South Africa

South Africa

South Africa equity injection in doubt

SOUTH AFRICA: Confusion seems to have engulfed a $2.8 billion lifeline for South Africa's power utility Eskom that was intended to help it fund its capacity expansion programme.

The South African government announced in early November that the cabinet had approved a $2.8 billion equity injection for Eskom, which is seeking $62 billion to implement its expansion plan. This is hoped to add 12.3GW to the country's national grid by 2017 through projects that include the 100MW Sere wind farm in South Africa's Western Cape province.
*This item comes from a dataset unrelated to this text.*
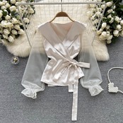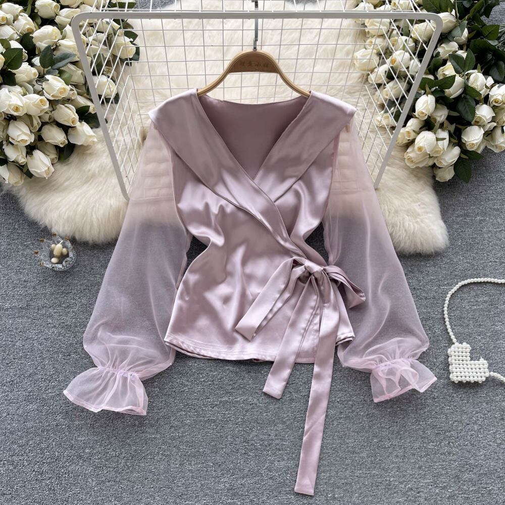 トップス デート モテアイテム シャツ 長袖 シフォン 大人可愛い きれいめ 上品 Vネック リボン おしゃれ かっこいい 大人可愛い ラブリー キュート ガーリー クール モード系 セクシー エレガント 存在感 フォーマル レディース 学生 通学 デート お出かけ 公園デビュー 女子会 お泊まり 休日 運動 ショッピング 普段使い 双子 韓国系 オルチャン ファッション コーデ スタイル 美脚 脚長 トレンド 流行 インスタ映え フリーサイズ カーキ パープル ブラック ホワイト

Energy minister Dipuo Peters and the ministry of finance have given different explanations as to how the $2.8 billion is to be raised and whether or not the funding will be subjected to the normal government budget approval process.
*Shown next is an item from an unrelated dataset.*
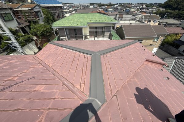 Information 2025.08.01 屋根工事(横須賀市) 施工前 施工後 既存コロニアル屋根が、老朽化により、雨漏りをしていました。しかも、増築がされていて、かなり複雑な形状の屋根です。 ↑棟板金を外すと、貫板が腐食していました。コーキングしてはいけないところにコーキングしてしまい、水が抜けなくなっていました。雨漏りの原因ともなります。 複雑な形のところも、ベテラン板金職人により、きれいに納まります。 Tweet Pocket « prev next »

Although initially billed as an injection of equity for Eskom, Peters says the $2.8 billion "is not additional funding but a guarantee from government to allow Eskom to raise loans from the market".

But Treasury spokesperson Jabulani Sikhakhane says the funding would have to undergo normal budgetary processes and receive the approval of parliament. South Africa's next national budget is due in February 2011, meaning Eskom's efforts to raise funds for projects such as Sere will have to wait until then.
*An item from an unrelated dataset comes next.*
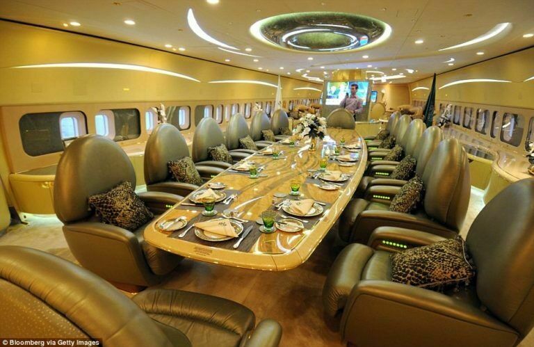 बाहिर सुनौलो देखिने विमानको भित्री भाग पनि पूरै सुनले नै बनाइएको छ। यात्रुहरुले कुनै फङ्सन गर्न सकुन भन्ने हेतुले उनले विमानभित्र एउटा कन्सर्ट हल बनाएका छन् ।

The $157 million plant was initially slated for completion last May but has been delayed for lack of funding, according to Eskom's 2010 half-year financial report. The wind farm is part of the company's $1.2 billion renewable-energy generation programme, dubbed the Eskom Renewable Energy Investment Project.

Eskom has an estimated financial shortfall of $26.77 billion over seven years. The government has been seeking to boost the power utility's coffers through a hybrid financing model that includes guarantees and equity injection.